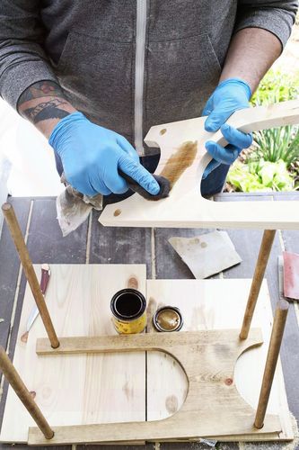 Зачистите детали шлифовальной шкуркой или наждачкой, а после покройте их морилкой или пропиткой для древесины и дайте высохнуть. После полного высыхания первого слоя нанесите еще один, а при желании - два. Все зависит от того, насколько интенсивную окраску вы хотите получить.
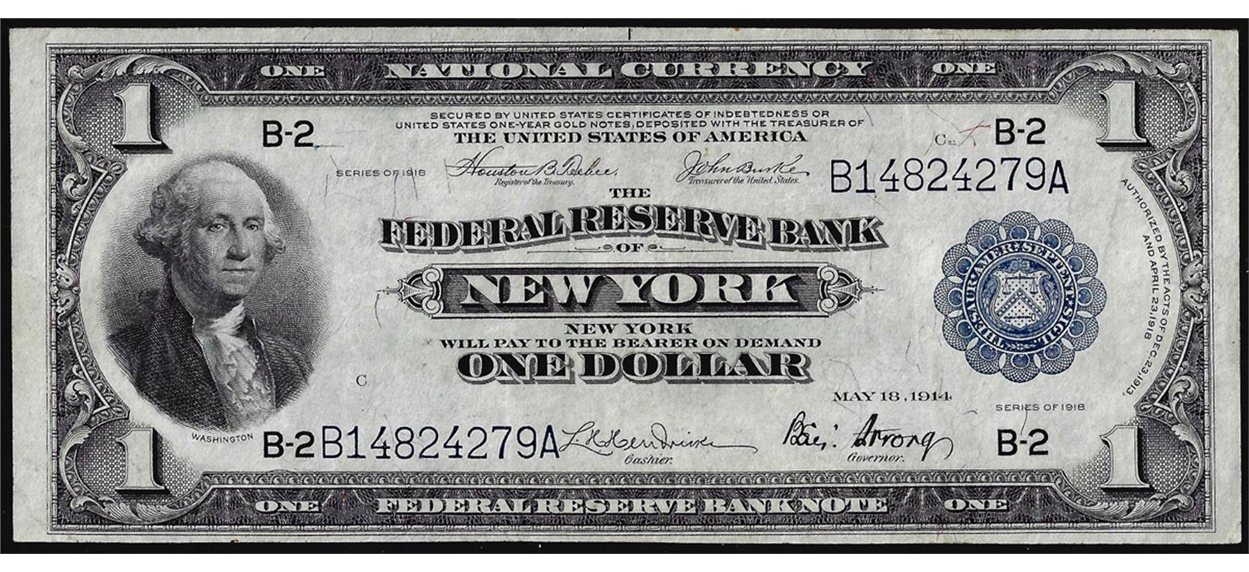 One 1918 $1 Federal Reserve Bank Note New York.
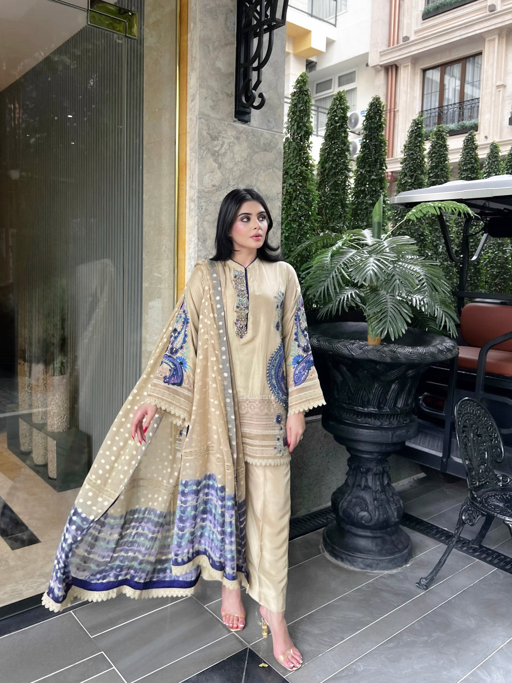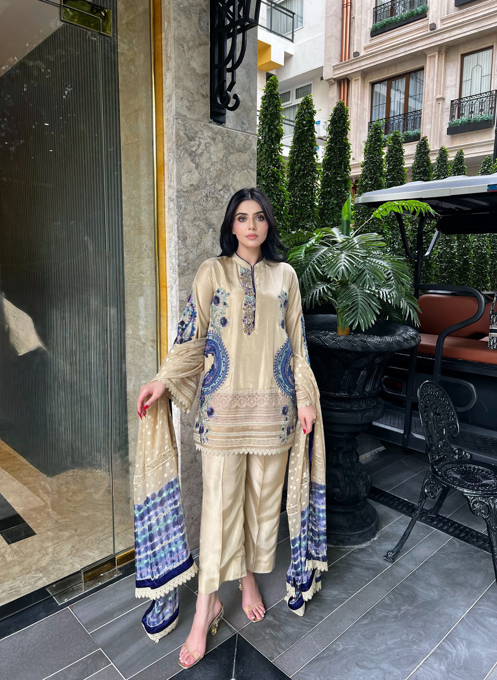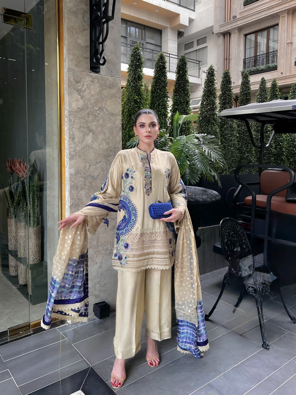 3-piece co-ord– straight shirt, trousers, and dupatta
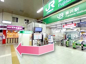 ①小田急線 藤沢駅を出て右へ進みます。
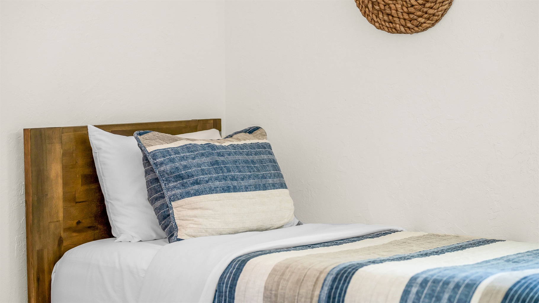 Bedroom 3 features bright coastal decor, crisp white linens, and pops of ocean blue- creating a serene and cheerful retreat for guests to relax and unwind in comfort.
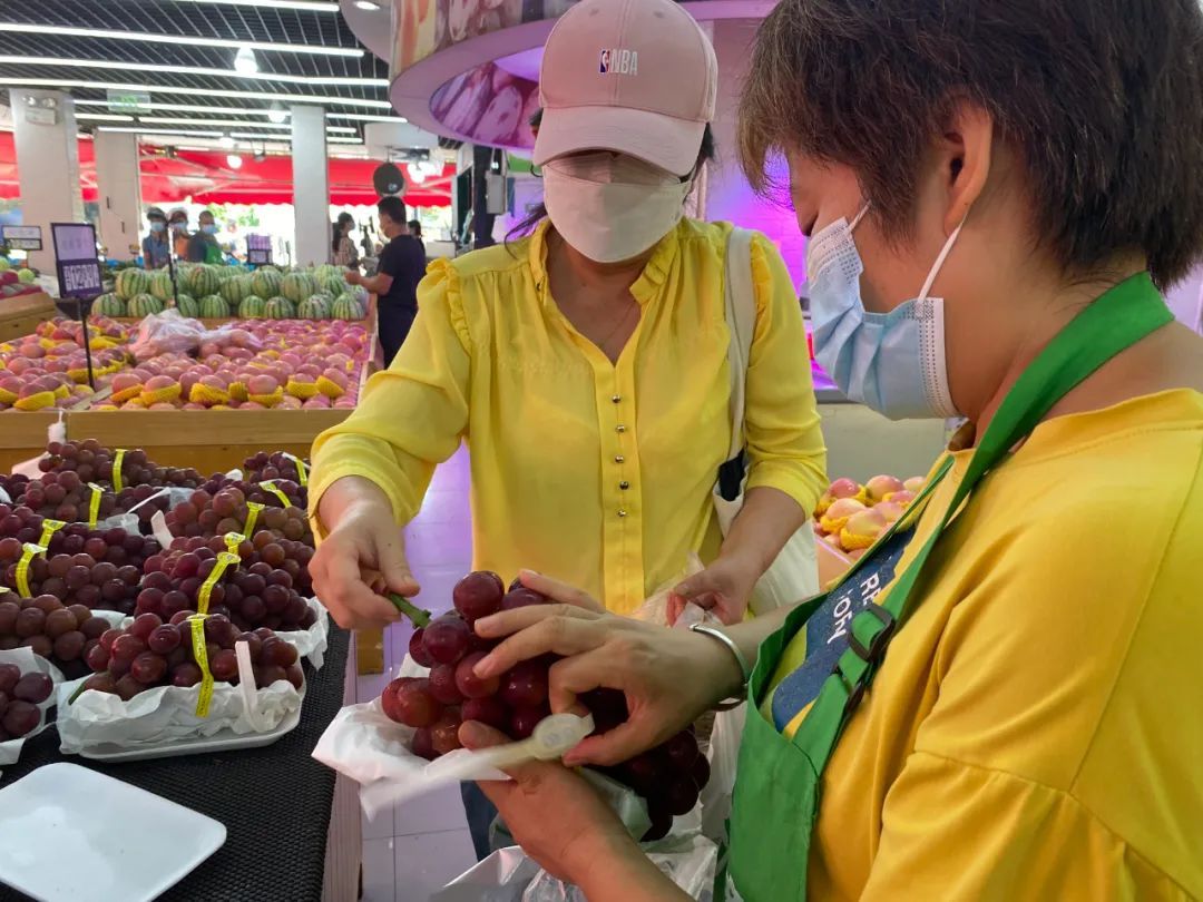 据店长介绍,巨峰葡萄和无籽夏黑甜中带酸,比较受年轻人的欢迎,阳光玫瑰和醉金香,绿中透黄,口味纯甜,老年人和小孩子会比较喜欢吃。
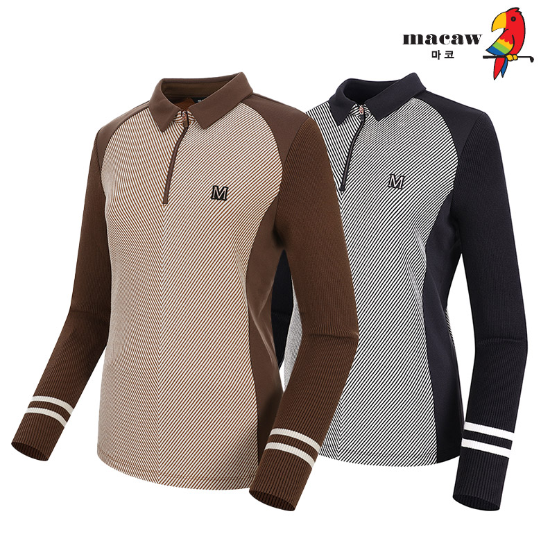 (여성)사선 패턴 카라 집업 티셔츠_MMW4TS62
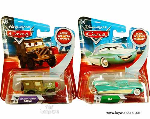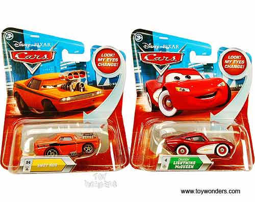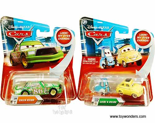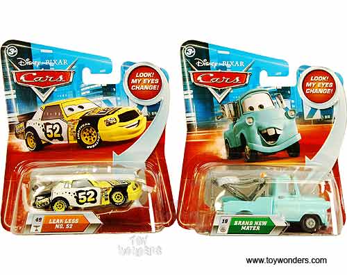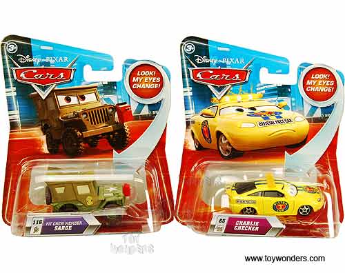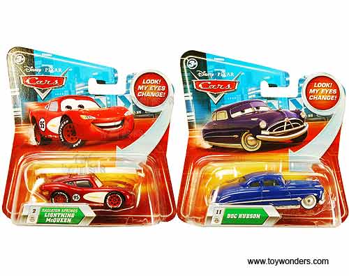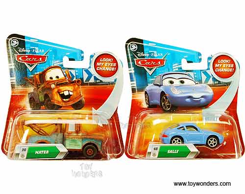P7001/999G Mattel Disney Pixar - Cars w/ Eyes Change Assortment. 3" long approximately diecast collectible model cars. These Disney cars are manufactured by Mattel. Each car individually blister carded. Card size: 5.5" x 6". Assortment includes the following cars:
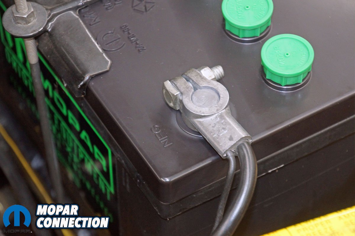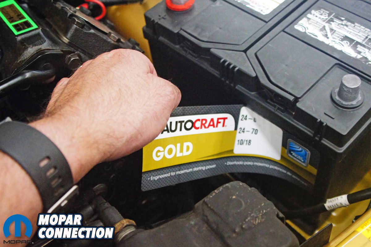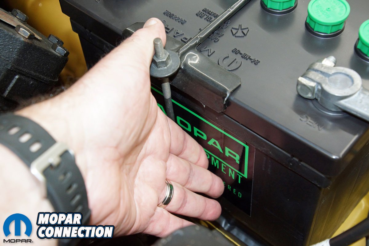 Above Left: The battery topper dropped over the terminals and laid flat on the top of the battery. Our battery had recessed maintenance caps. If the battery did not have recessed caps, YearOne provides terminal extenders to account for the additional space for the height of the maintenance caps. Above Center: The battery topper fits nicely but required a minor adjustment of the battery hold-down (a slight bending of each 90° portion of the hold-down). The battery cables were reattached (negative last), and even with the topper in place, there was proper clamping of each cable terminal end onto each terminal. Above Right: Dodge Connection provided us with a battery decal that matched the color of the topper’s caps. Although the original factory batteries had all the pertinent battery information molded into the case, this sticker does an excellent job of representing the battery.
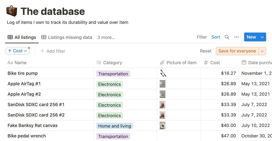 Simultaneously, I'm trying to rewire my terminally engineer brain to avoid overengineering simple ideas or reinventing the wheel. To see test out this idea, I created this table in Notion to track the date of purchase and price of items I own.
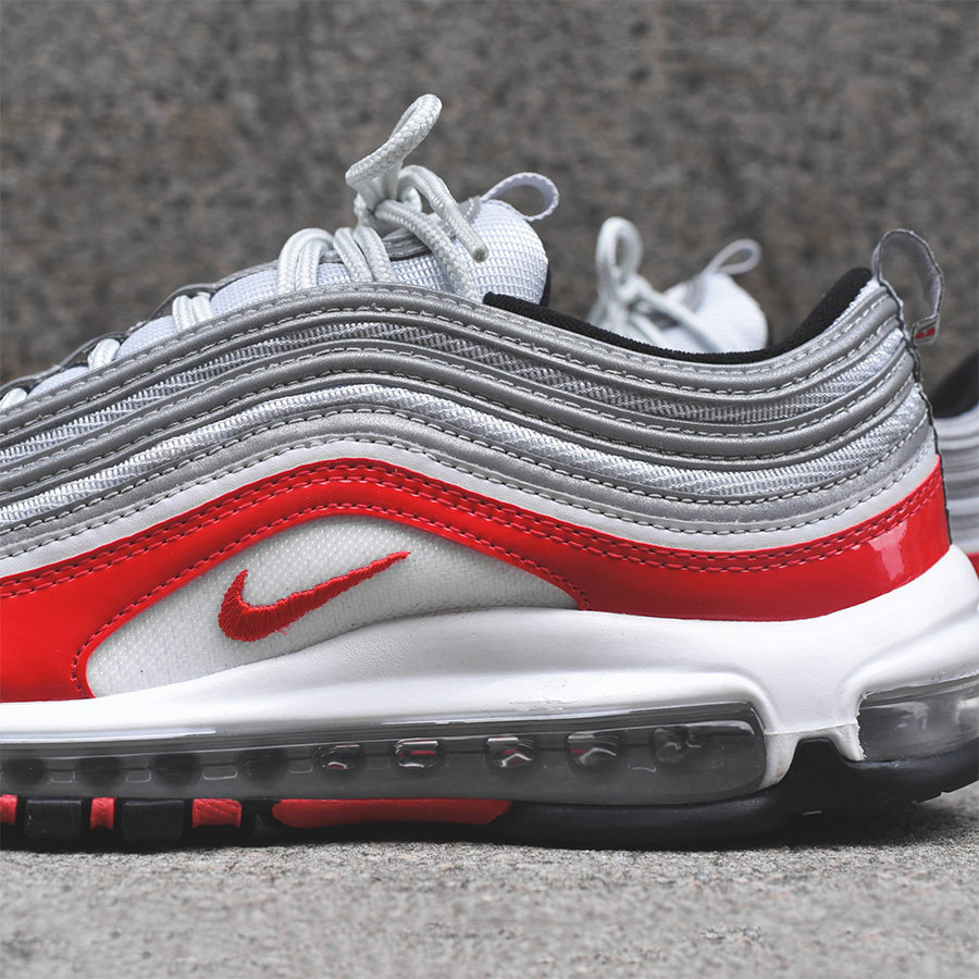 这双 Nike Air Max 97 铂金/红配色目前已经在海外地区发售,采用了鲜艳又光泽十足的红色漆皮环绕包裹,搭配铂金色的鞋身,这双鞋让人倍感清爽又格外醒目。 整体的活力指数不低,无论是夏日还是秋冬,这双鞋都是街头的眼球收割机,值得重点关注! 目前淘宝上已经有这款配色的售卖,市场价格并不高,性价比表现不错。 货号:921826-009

□ □ □ □ □ □ □

Task objective
Reproduce exactly, with no pictures, the lines above from the one holding "3-piece co-ord– straight" to the one holding "Bedroom 3 features", inclusive.

Solution for this problem
 3-piece co-ord– straight shirt, trousers, and dupatta
 ①小田急線 藤沢駅を出て右へ進みます。
 Bedroom 3 features bright coastal decor, crisp white linens, and pops of ocean blue- creating a serene and cheerful retreat for guests to relax and unwind in comfort.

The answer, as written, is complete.